'''
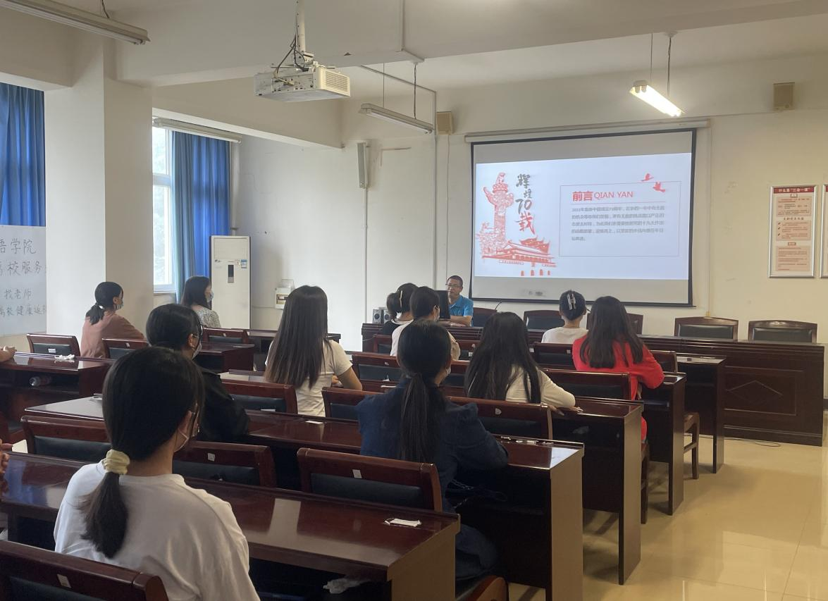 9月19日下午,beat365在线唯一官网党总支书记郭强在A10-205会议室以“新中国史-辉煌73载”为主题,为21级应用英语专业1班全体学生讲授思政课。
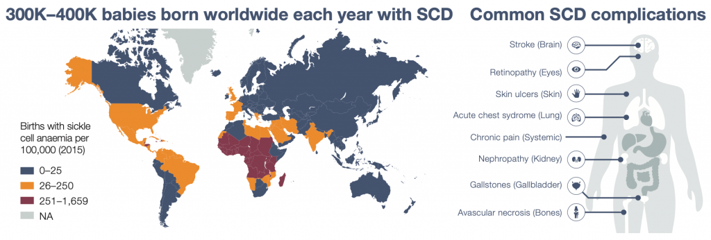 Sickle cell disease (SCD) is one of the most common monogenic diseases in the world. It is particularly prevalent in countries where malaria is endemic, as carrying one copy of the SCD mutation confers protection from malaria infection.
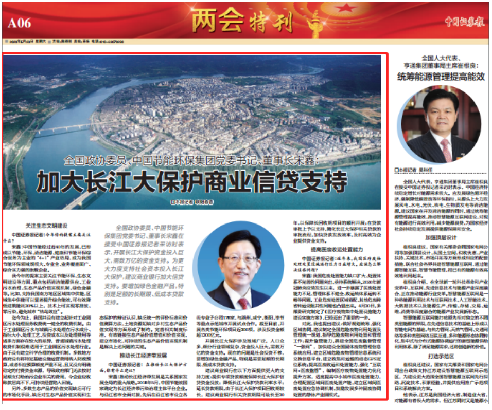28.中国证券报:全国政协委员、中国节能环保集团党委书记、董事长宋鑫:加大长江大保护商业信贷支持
'''
## Your objective
Please copy the data shown above word for word, omitting the pictures.

## Problem solution
 9月19日下午,beat365在线唯一官网党总支书记郭强在A10-205会议室以“新中国史-辉煌73载”为主题,为21级应用英语专业1班全体学生讲授思政课。
 Sickle cell disease (SCD) is one of the most common monogenic diseases in the world. It is particularly prevalent in countries where malaria is endemic, as carrying one copy of the SCD mutation confers protection from malaria infection.
28.中国证券报:全国政协委员、中国节能环保集团党委书记、董事长宋鑫:加大长江大保护商业信贷支持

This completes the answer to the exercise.